Forschungen zur Helvetischen Republik

 

Historiographie des 19. Jahrhunderts

Die Historiographie zur Helvetik im 19. Jahrhundert ist unter dem Prozess der Verwissenschaftli­chung und Professionalisierung der Geschichtswissenschaften zu betrachten.[1] Die ersten Werke, die sich mit der Helvetik befassten, sind von dieser Entwicklung noch weit entfernt. Sie wurden ausschliesslich von politisch aktiven Persönlichkeiten verfasst, welche die Helvetik mitbestimmt oder zumindest miterlebt hatten.[2] Politische Legitimation war diesen Autoren wichtiger als eine objektive Darstellung der Ereignisse. Hervorzuheben sind vor allem die Werke von Peter Ochs[3] und Heinrich Zschokke[4]. In der zweiten Hälfte des 19. Jahrhunderts machte sich die zunehmende Akademisierung der Ge­schichtswissenschaft auch in den Werken zur Helvetik bemerkbar. Charles Monnard[5], Johann An­ton von Tillier[6] und Johann Jacob Hottinger[7] nutzten für ihre Arbeiten archivalische Quellen und stellten den Anspruch, mit Hilfe dieser Dokumente die historische Wahrheit zu finden.[8] Das hier entstandene Bild der Helvetik ist vor allem von der selbst miterlebten Schmach, die der Einmarsch der Franzosen bedeutete, geprägt. Häufig anzutreffende Motive sind die Zerrissenheit, die Eifer­sucht und die Zwietracht, die innerhalb der Eidgenossenschaft entstanden war.[9]

 

Nach der Gründung des Bundesstaates 1848 institutionalisierte sich die historische Forschung zusehends. Die Historiographie der zweiten Hälfte des 19. Jahrhunderts ist geprägt von grossen nationalgeschichtlichen Projekten, die unter Berücksichtigung der wissenschaftlichen Regeln neue Massstäbe setzten.[10] Als Beispiele können hier die Werke von Johannes Strickler[11], Karl Dändli­ker[12], Carl Hilty[13] und Willhelm Oechsli[14] genannt werden. Das Bild der Helvetik veränderte sich stark. Die Besetzung durch die Franzosen wurde zwar weiterhin kritisch beurteilt. Wichtiger ist aber die Hervorhebung der positiven Errungenschaften gegenüber dem Ancien Regime. Diese Historiker sehen sich selbst in der Tradition der Helvetischen Revolution und können als fortschrittlich und zentralistisch bezeichnet werden.[15]

 

Historiographie des 20. Jahrhunderts

 

Konservative Meistererzählung[16]

Die konservative Meistererzählung wird vom Bild des verhängnisvollen Untergangs geprägt.[17] Die zentralistische Verfassung wird als aufgezwungenes Übel der französischen Fremdherrschaft betrachtet.

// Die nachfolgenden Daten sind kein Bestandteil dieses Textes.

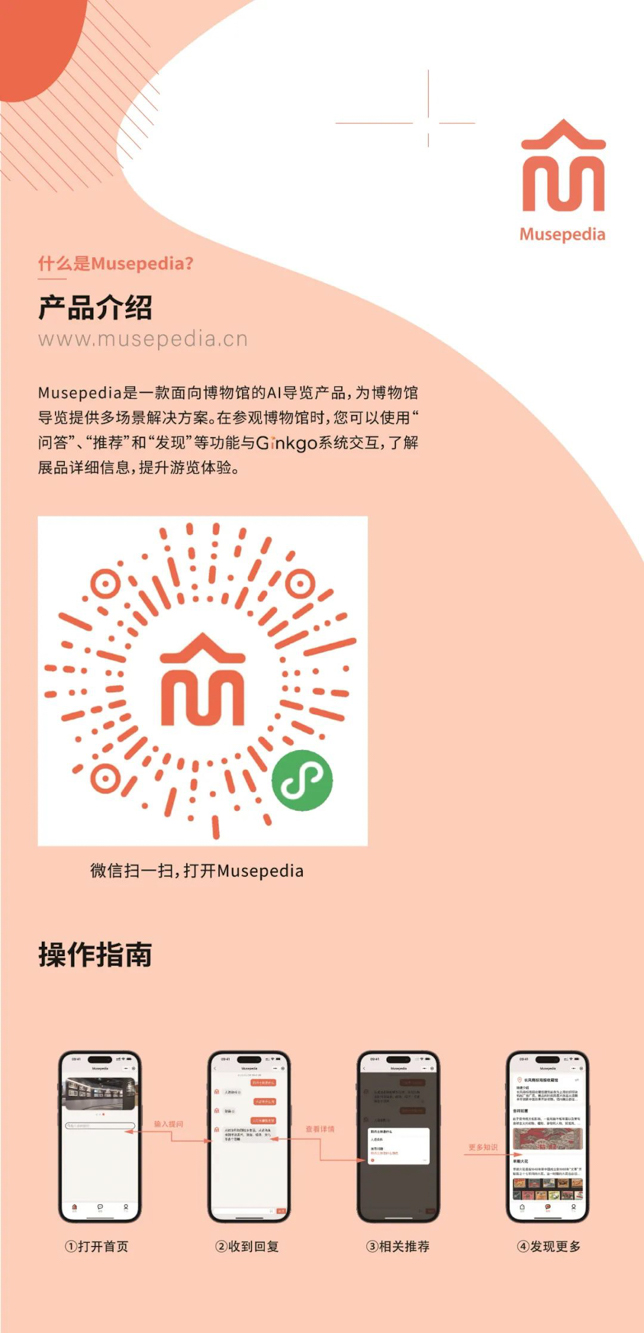 Musepedia小程序的用户对象是博物馆游客,用“问答”“推荐”和“发现”功能提升游览体验。除此之外,Musepedia也可以为博物馆提供数据分析的技术支持,帮助博物馆快速了解当前展馆内的热门展品和热点问题。博物馆教育致力于将博物馆馆藏资源转化为优质的教育资源,但在转化过程中往往存在效率低、成本高等问题。
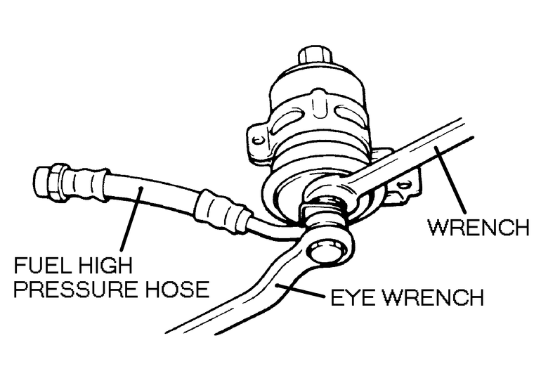 - Using two wrenches, disconnect the high pressure fuel line and the fuel
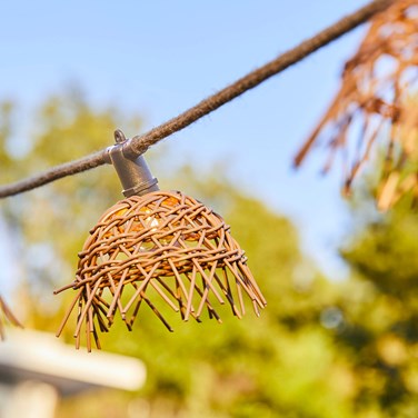 - Guirlande lumineuse hybride exotique : MINI HAWAI LIGHT HYBRID est la version compacte et hybride de la célèbre Hawai Light. Ses 10 abat-jour en polyrotin offrent un effet exotique et naturel type paille, sublimé par un éclairage LED blanc chaud pour une ambiance chaleureuse et festive. Longueur totale : 8 m.
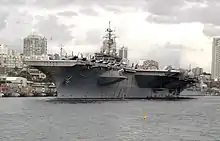 ![]() USS Kitty Hawk underway in the Pacific Ocean, May 2005 | |

Die Verhältnisse vor dem Einmarsch werden in neuer, beinahe verklärter Weise aufgewertet, alles was mit der französischen Revolution in Zusammenhang steht, verurteilt.[18]

 

Exemplarisch kann hier auf Richard Feller[19] und Adolf Gasser[20] verwiesen werden. Feller hat vor allem mit seinem Begriff des „Franzoseneinfalls“[21] Eingang in den wissenschaftlichen Diskurs um die Helvetik gefunden. Adolf Gasser bezeichnete die Phase der Helvetischen Republik schlicht als Irrweg. Für die aktuelle Forschung spielt diese konservative Deutung der Helvetischen Republik allerdings eine weniger wichtige Rolle.[22]

 

Liberale und linksbürgerliche Meistererzählung[23]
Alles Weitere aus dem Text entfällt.